自己又何尝不是,只执着于那些求而不得的温情与认可,却忽略了环绕周身、旁人终其一生也难以企及的尊荣与权力。

“当局者迷。”雪因说出这一句,算是安慰。

纤长的睫毛垂下,在眼下投出一小片淡淡的阴影,掩去了眸中翻涌的思绪。他不知再继续说什么,只是拿起茶杯轻呷了一口。
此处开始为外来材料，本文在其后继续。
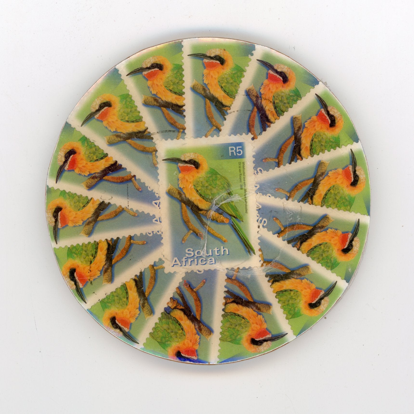 Depicting a South African R5 stamp.
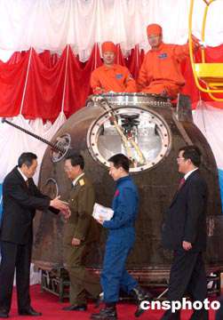 十月十八日,中國神舟五號載人飛船回收艙搭載物品開艙儀式在中國航天科技集團(tuán)公司北京空間技術(shù)研制試驗中心舉行。中國首位航天員楊利偉向相關(guān)部門代表轉(zhuǎn)交從太空歸來的“貴賓”。搭載物品中包括來自臺灣地區(qū)的作物種子。中新社記者:張煒
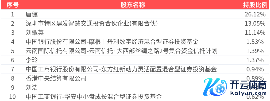 公司推动户数为3.64万户,前十大推动握股数目为3.72亿股体育游戏app平台,占总股本比例为57.77%,前十大推动握股情况如下:
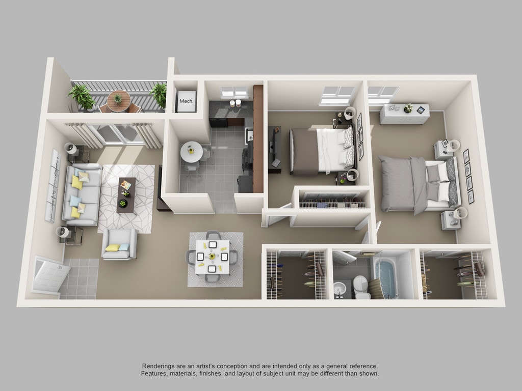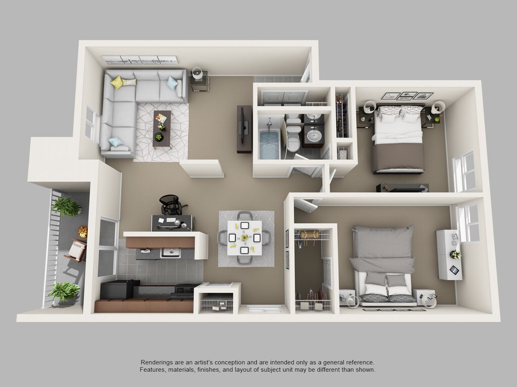 2 Dormitorios, 2 Baños, 932 pies²Disponible January 17, 2026Galería del Modelo
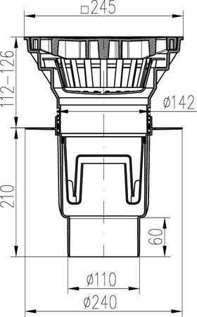 Kanalizační vpusť spodní D110-250 suchá klapka, límec, plastová mřížka
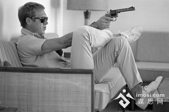 1930年3月24日,Steve Mcqueen出生在一个破碎家庭。童年坎坷,Steve混过街,进过少年收容所。后来陆续做过船员、加油站工人和伐木工人,甚至加入了美国海军陆战队。直到1959年,机会之神终于将steve带到伯乐Frank Sinatra面前。于是才有了影片《战地尤物》中那个穿着白色T恤和迷彩裤,佩着弹簧刀和汤普森冲锋枪,驾驶着吉普车飞快地穿越丛林障碍的英雄形象。终于在马龙-白兰度和James Dean之后,又一名能将紧身白色水手式圆领T恤穿得出神入化的男人诞生了。
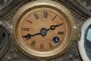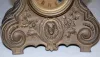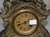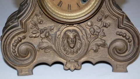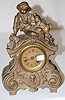 The maker is unknown; with a paper dial. There is one key slot; the pendulum is built into the movement. The white metal case has a happy boy and a puppy on the top. Below the dial is the mask of a very sad looking woman. The clock winds OK. (The paper dial has darkened and is worn around the key slot. The clock will not run steadily.) 11 1/4" Tall
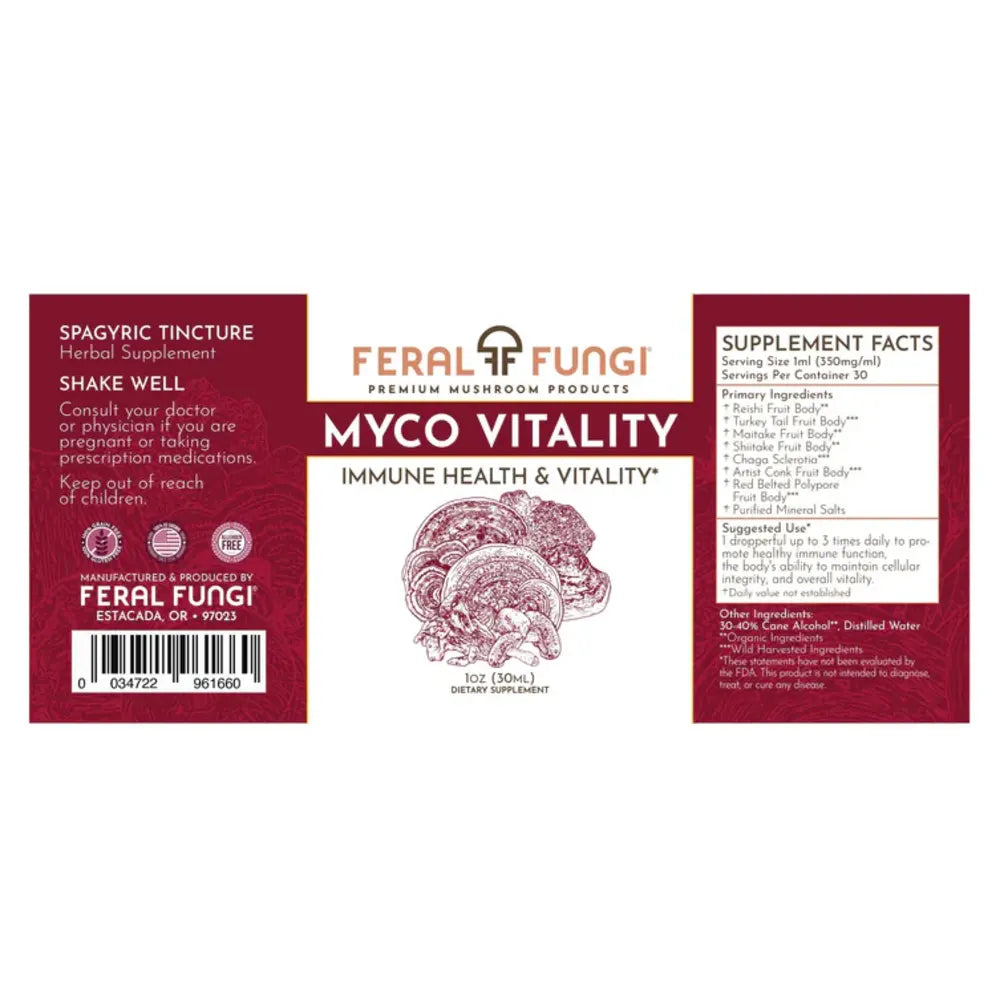 Myco-Vitality exhibits the wide range of benefits of a diverse range of fungi to support your body's natural proclivity towards vitality and balanced homeostasis. This proprietary blend features favorites from the Pacific North West to provide ultimate full system support.
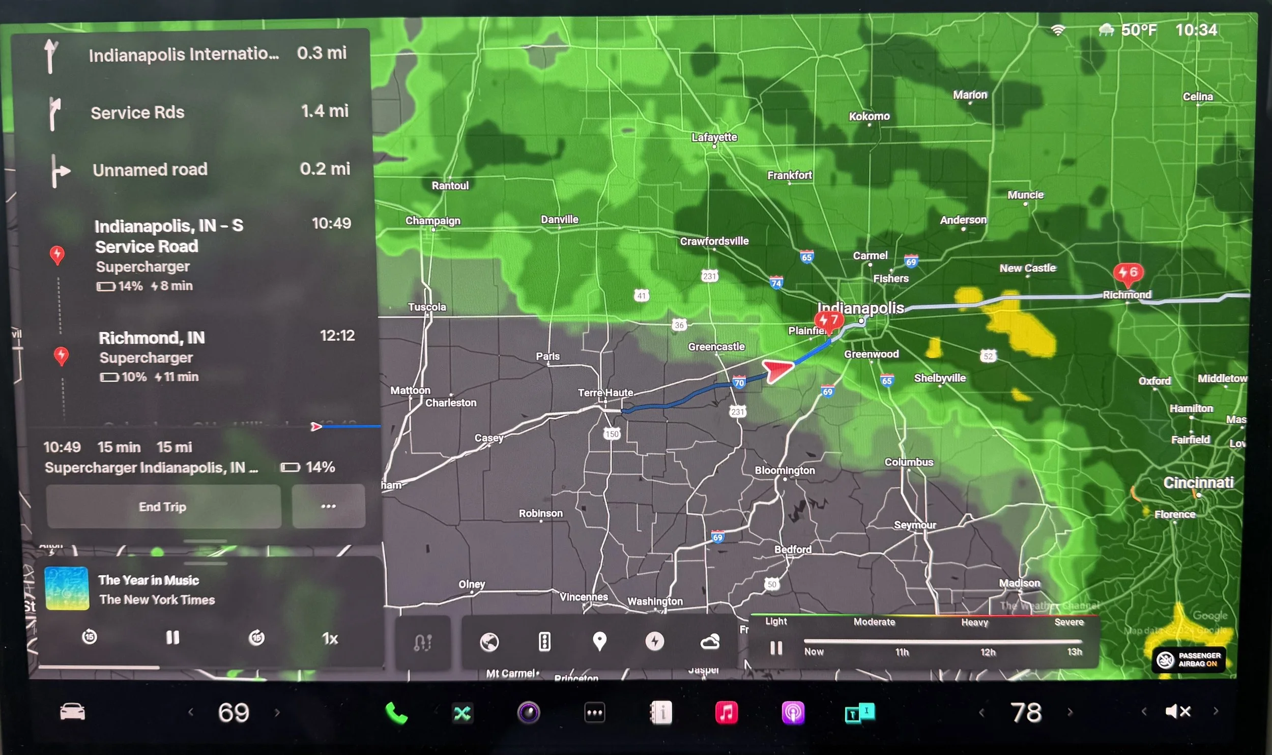 Tesla Nav screen indicating moderate rainstorm, which precipitated multiple IVDEs, and drive cancellation for safety.
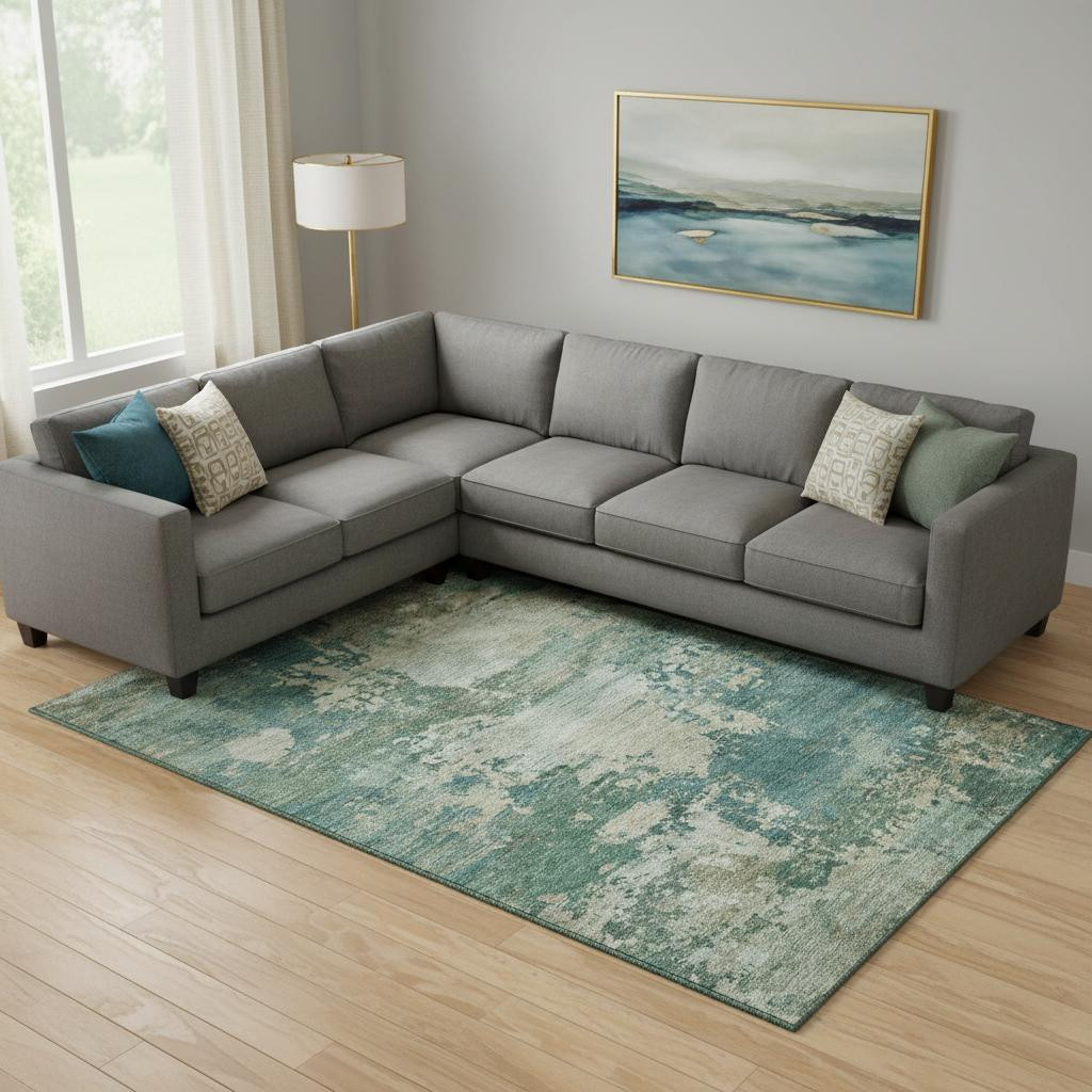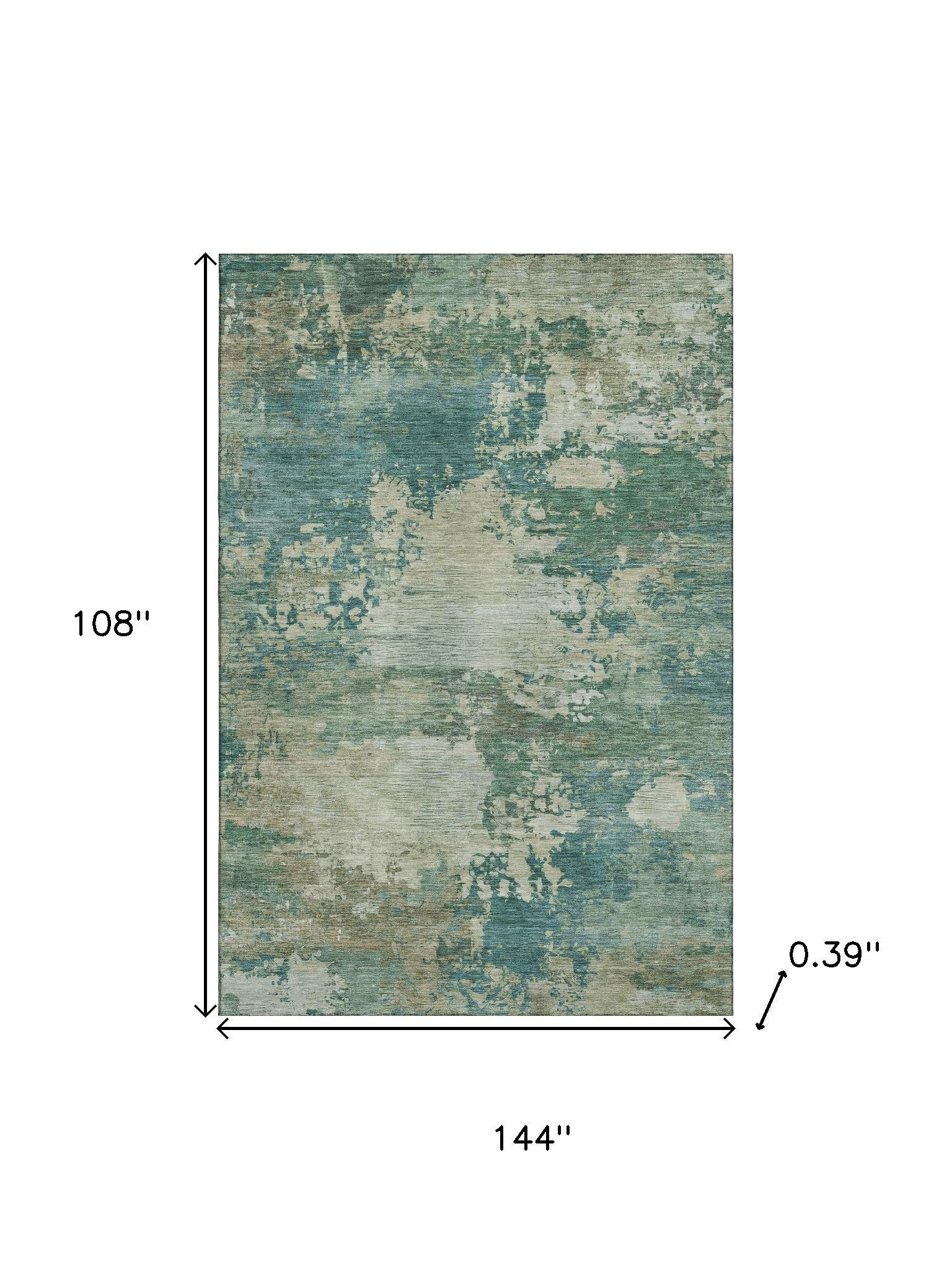 Add great coloration and comfortable texture to your space with this 9-foot x 12-foot teal and beige abstract washable area rug with uv protection. Ideal for spaces with kids and pets, this rug is stain resistant to help repel dirt and spilled liquids. Built to last, this rug crafted from polyester fibers is known for its durability and long lasting appeal. Rugs are a great way to showcase your style, hide imperfections, warm your home and reduce noise. This larger sized, transitional styled rug is ready to create a focal point or statement piece in your room. 108.00-inch h x 144.00-inch w x 0.39-inch d.

“打扰殿下太久了,我这就带诺厄回去。”克罗夫特起身,整理了一下情绪,柔声对怀里的虫崽说,“诺厄,跟殿下告别。”

“殿下再见。”诺厄乖巧地依偎在兄长怀里,小声道别。

目送他们离去,喧嚣散尽,露台上又只剩下雪因独自一人。他的目光落回手中的茶杯,清澈的茶汤里,倒映出他模糊的轮廓——雪白的长发散落泛着带着暖意的灯光,衬得那双总是带着几分疏离的眼睛,流露出些许茫然。

那我呢?

在他们眼中,我是尊贵无匹的维斯特冕下,还是一个……同样缺爱、愚蠢的雄虫?

塞西尔无法接受现实,于是用“正确”的方式,利用规则权利向内强求,折磨自己,也折磨身边的虫。

我呢?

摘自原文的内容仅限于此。